**Exercise brief**
Quote word for word the lines below, beginning with the first and ending with the one that has "Aktualnie kwitnie 2500". Drop the pictures.

(Items listed in a dataset)

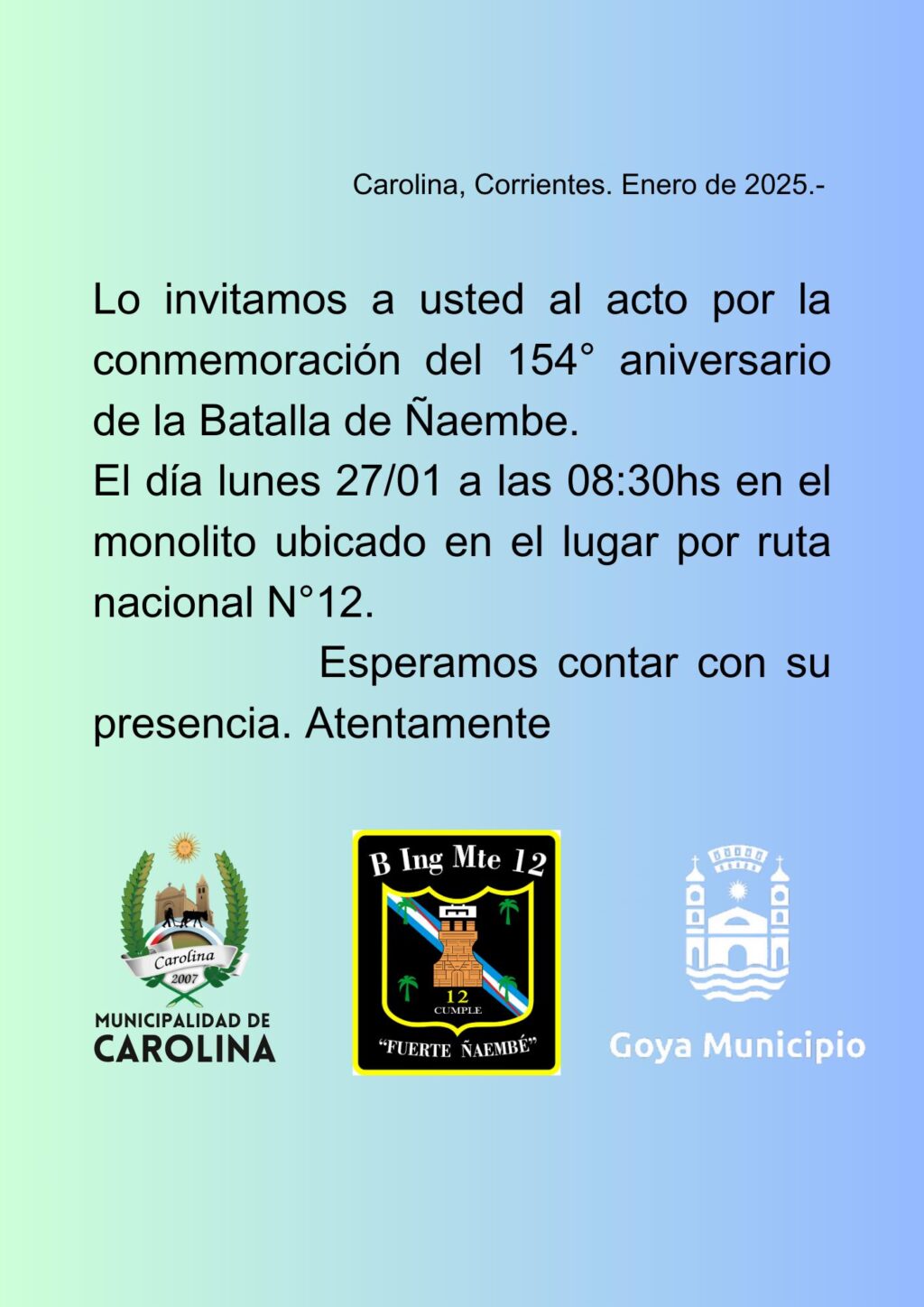 Los Municipios de Goya y Carolina junto al Batallón de Ingeniero de Monte 12 invitan al acto conmemorativo del 154º Aniversario de la Batalla de Ñaembe.
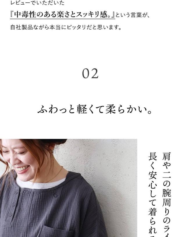 [ポイント02.]ふわっと軽くて柔らかく、長く安心して着られる。
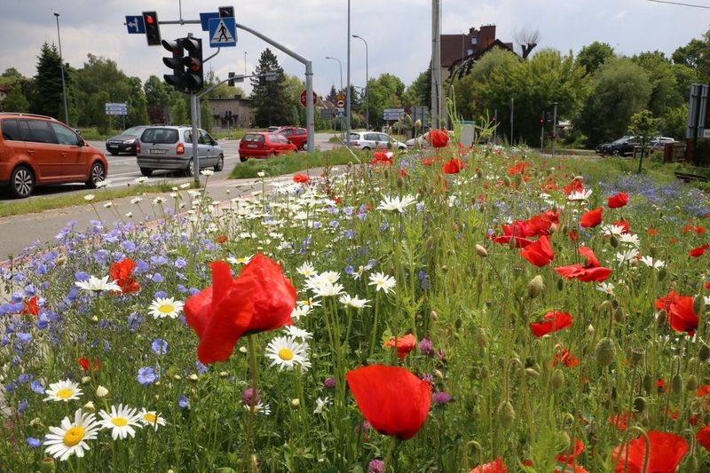 Aktualnie kwitnie 2500 metrów kwadratowych łąk przy ul. Kotucza, przy węźle Chwałowicka, przy rondzie Kozie Góry oraz wokół tężni solankowej.
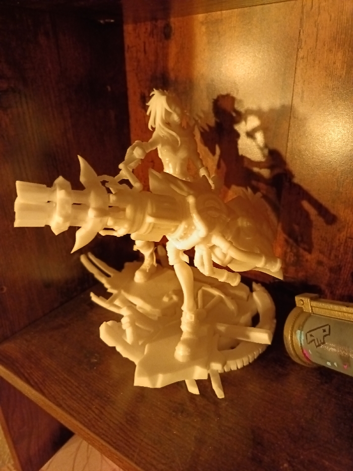 A pale, possibly 3D-printed, female figure wielding a large gun is the main focus. She stands atop a detailed, circular base. The figure is placed on a wooden shelf within a dimly lit cabinet. To the right, a cylindrical object with teal and gold accents is partially visible. A distinct shadow cast by the figure is noticeable on the back wall of the cabinet.
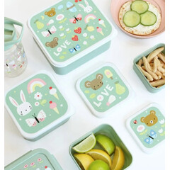 Запазете храната си свежа в този комплект кутии в супер сладката тема на A little lovely company . Плодове, зеленчуци, бисквитки, бонбони, сандвичи.. Всички те лесно могат да се поберат в една от тези кутии. Този сладък комплект за храна включва четири броя кутии с различен...
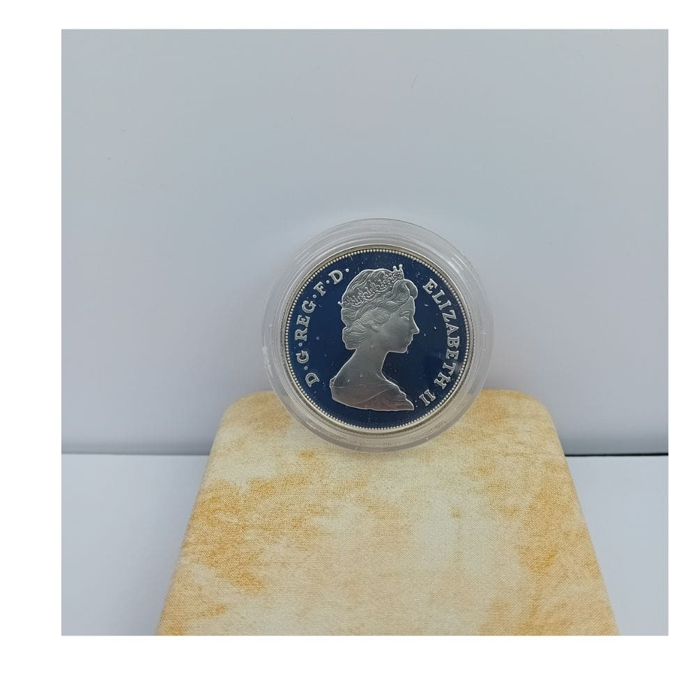 This elegant Silver Proof Crown 1980 was issued by the Royal Mint to commemorate the 80th birthday of Her Majesty Queen Elizabeth the Queen Mother. Struck in fine sterling silver, the coin features a detailed portrait of the Queen Mother designed by Arnold Machin, surrounded by a laurel wreath symbolising honour, longevity, and celebration.

**Exercise result**
 Los Municipios de Goya y Carolina junto al Batallón de Ingeniero de Monte 12 invitan al acto conmemorativo del 154º Aniversario de la Batalla de Ñaembe.
 [ポイント02.]ふわっと軽くて柔らかく、長く安心して着られる。
 Aktualnie kwitnie 2500 metrów kwadratowych łąk przy ul. Kotucza, przy węźle Chwałowicka, przy rondzie Kozie Góry oraz wokół tężni solankowej.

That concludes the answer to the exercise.